Further interrogation of induced sputum transcriptomic profile in relation to the airway 16SrRNA amplicon sequence data illuminated the relationship between the airway microbiome and the mucosal immune responses in a rural Ugandan HIV-COPD cohort. Pro-inflammatory gene signatures, ccl4, ccl3, ilr1, irak2, cxcl2, hivep2, ccl3l3, cxcl8, ccl4l2, rel, and cxcl9 enriched the airways of a COPD population and positively correlated with microbiome-derived outer membrane vesicles, a marker of live bacterial biomass. Depletion of keystone species or enrichment of specific pathobionts in the airways drove a pro-inflammatory gene signature expression, an effect possibly driven by microbiome-derived outer membrane vesicles (OMVs) signaling via TLRs to activate the NF-kB and chemokine signaling pathways.

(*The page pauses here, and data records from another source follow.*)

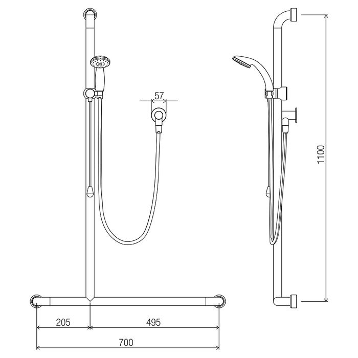 Satin Supreme 700mm x 1100mm Hygienic Seal grab rail LH (Left Hand)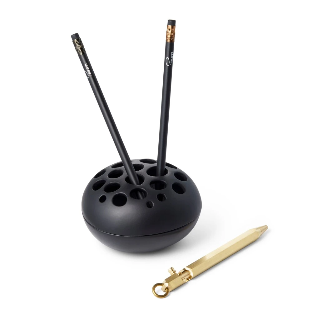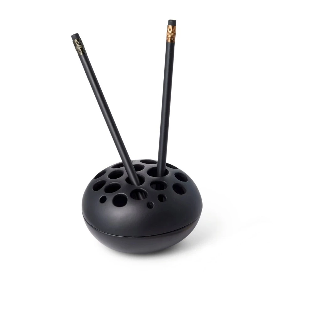 LAVA bringt kreative Ordnung ins alltägliche Schreibtisch-Chaos und schont die Nerven. Ohne lange Suche in den endlosen Tiefen von Schubladen sind Schreibwerkzeuge für Notizen und Unterschriften stets in Griffweite. Bei der Gestaltung hat sich Designer Jörg Langkop von großporigem Lavagestein inspirieren lassen, denn die einfachsten und besten Ideen liefert nach wie vor die Natur. Dabei sind die verschieden großen Öffnungen sind für unterschiedliche Stiftdurchmesser gedacht. Funktional durchdacht ist ein Gitter im Boden, das für den geraden Stand der Stifte sorgt. Auch Pinsel lassen sich hier prima kurzzeitig abstellen, ohne große Kleckereien zu verursachen.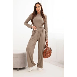 Dámský viskózový komplet s blůzou a širokými kalhotami fango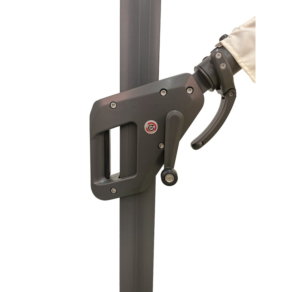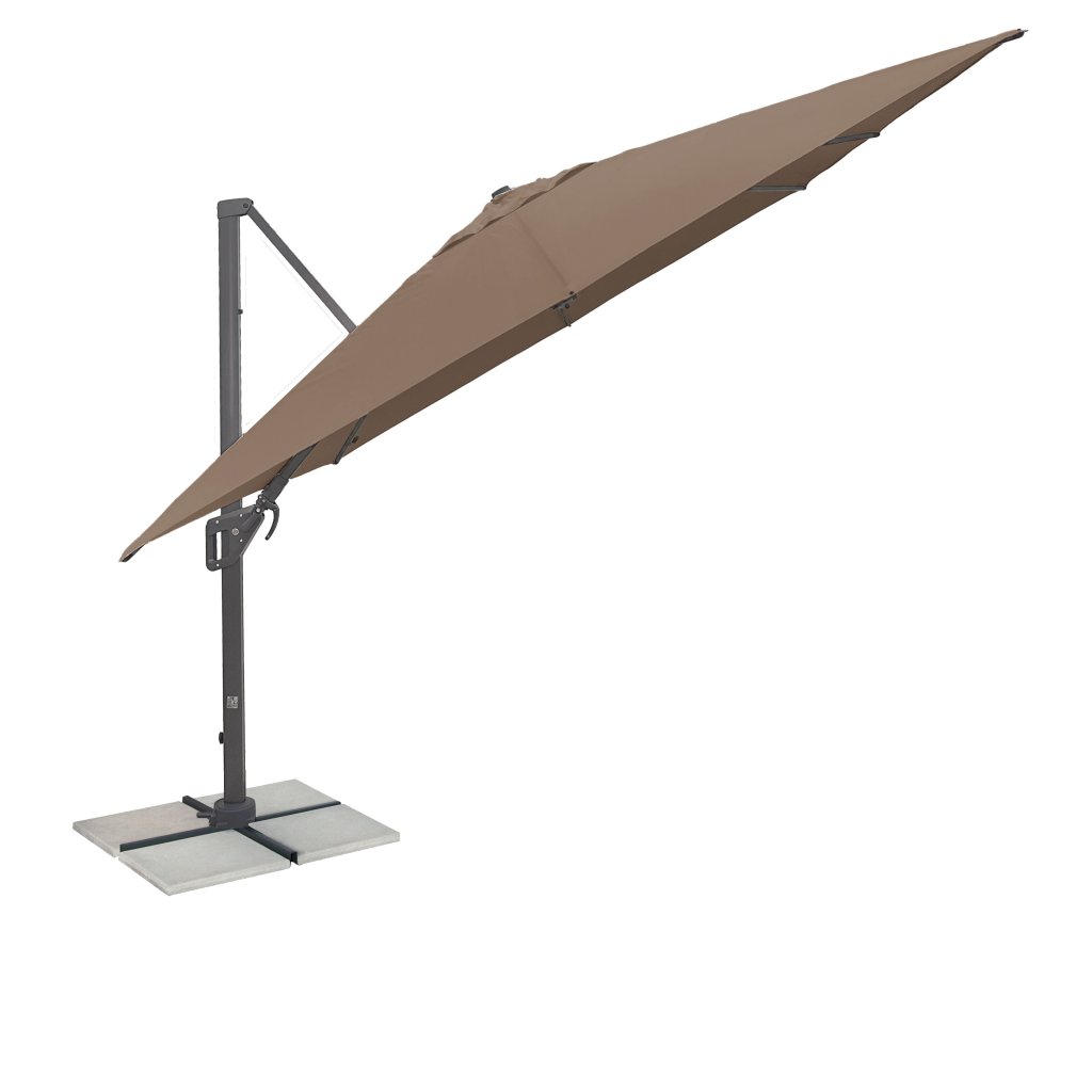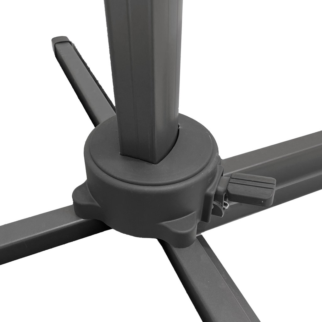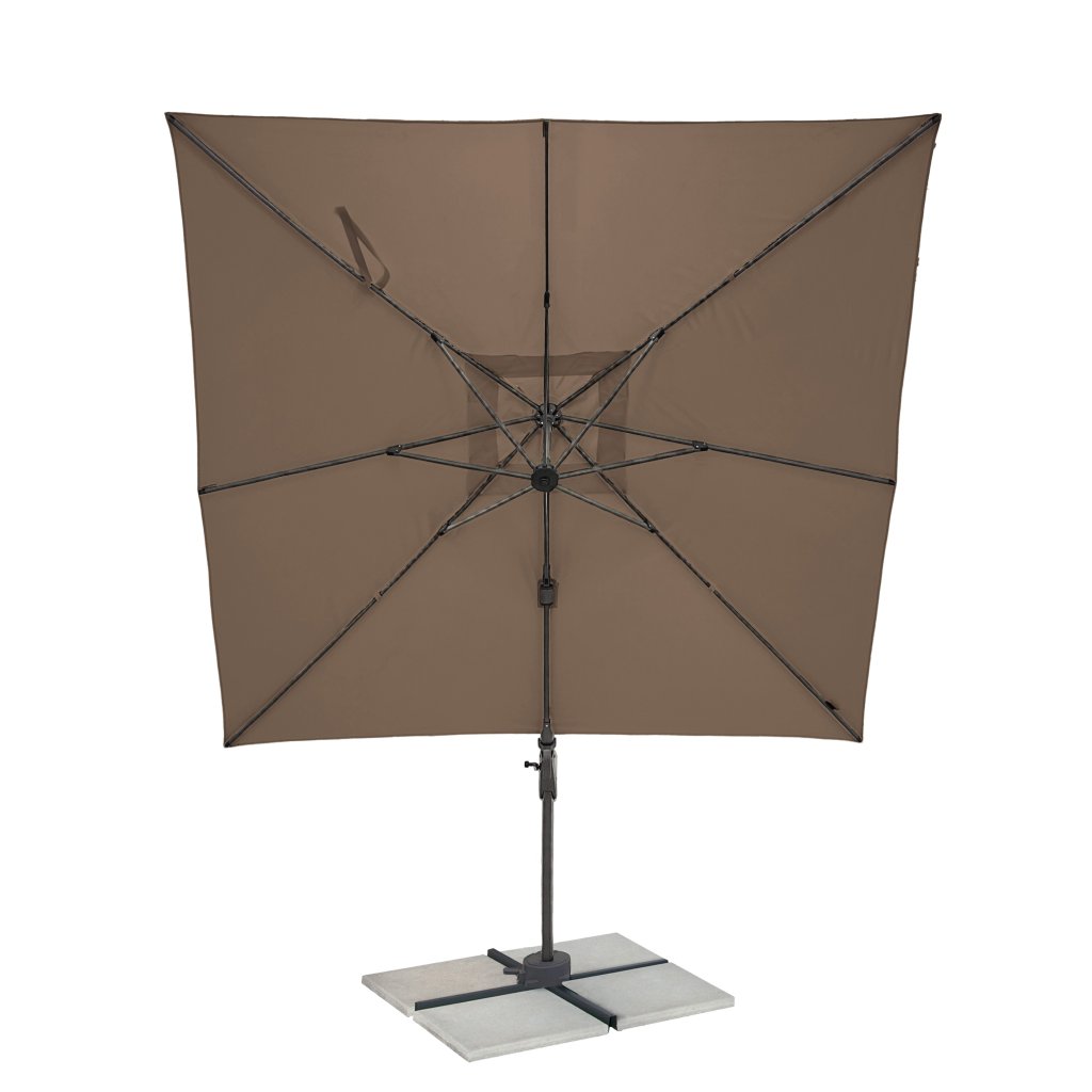 Parasol z aluminiową konstrukcją, posiadający elegancki i komfortowy mechanizm dla łatwiejszej obsługi. Pokrowiec wykonany jest z tkaniny poliestrowej i jest wodoodporny, ma bardzo dobrą ochronę przed promieniowaniem UV SPF 50+. Stojak jest częścią parasola (bez płyt 50 x 50 x 4 cm). Parasol jest obrotowy o 360° i można go przechylać wzdłuż głównego drążka, co pozwala na zacienienie przez cały dzień zgodnie z potrzebami.

Conclusions: : The COPD phenotype we observe in Africa is infection-driven NOT smoking-driven. Depletion of keystone species or enrichment of specific pathobionts in the airways drives a pro-inflammatory gene signature. This effect is possibly driven by microbiome-derived outer membrane vesicles (OMVs), signaling via TLRs to activate NF-kB and chemokine signaling pathways.Enrichment with streptococcal spp was associated with increased Th17-like immune cells. On the contrary, depletion of streptococcal spp was associated with increased NKT cell response. In conclusion, the airway-microbiome immune crosstalk in a Ugandan COPD cohort was driven by Streptococcus, associated with Th17 and NKT cell immune responses. 

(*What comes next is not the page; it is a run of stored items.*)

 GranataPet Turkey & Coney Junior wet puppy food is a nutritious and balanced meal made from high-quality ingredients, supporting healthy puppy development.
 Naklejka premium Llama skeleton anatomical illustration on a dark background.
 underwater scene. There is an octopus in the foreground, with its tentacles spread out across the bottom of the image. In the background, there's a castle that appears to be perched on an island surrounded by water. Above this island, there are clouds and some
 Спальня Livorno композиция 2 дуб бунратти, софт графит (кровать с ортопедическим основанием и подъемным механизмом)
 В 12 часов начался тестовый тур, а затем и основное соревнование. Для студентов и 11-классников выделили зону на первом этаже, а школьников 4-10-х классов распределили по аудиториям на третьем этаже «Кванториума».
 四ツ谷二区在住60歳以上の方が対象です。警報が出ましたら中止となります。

Outputs and achievements  

1. We established the airway microbiome-immune crosstalk Lab at Makerere University.
2. We developed a novel airway microbiome-immune library.
3. We trained one bioinformatician in metagenomics, transcriptomics and proteomics during the project.
4. We trained one immunologist in CyTOF and OMV ELISA during the project 

Implications

1. The COPD phenotype we observe in Africa is infection-driven NOT smoking-driven.
2. Immune pathways driving COPD are Toll-like receptor signalling, Nuclear factor kappa B and chemokine pathways
3. We are now piloting the airway microbiome immune library’s utility in deciphering the airway microbiome crosstalk in other diseases such as TB. 

Results dissemination

Through workshops, community outreaches and community advisory board meetings, we have successfully disseminated our findings to our primary stake holders ( participants) and policy makers. The COPD phenotype we observe in Africa is infection-driven NOT smoking-driven. More emphasis has to be put on the treatment of lung infections. 

Socio-economic impact of the action, including its wider societal implications

We have improved access to COPD screening and treatment in rural Ugandan communities. There has been community sensitization and increased awareness about COPD and its risk factors in rural Ugandan communities. 

Progress beyond the state of the art and expected potential impact

We have successfully established the airway microbiome-immune crosstalk laboratory/ working group at Makerere University. We are currently investigating how such microbial signatures impact airway mucosal immunity in the setting of HIV and COPD, utilizing a well-characterized cohort, we have built over the last 5 years. We have established a niche in the field of HIV-COPD mucosal immunobiology, testing novel chronic airway inflammation models as platforms to immune-phenotype airway microbiome with a goal of identifying novel immune-protective and inflammatory signatures using multi-omics approaches.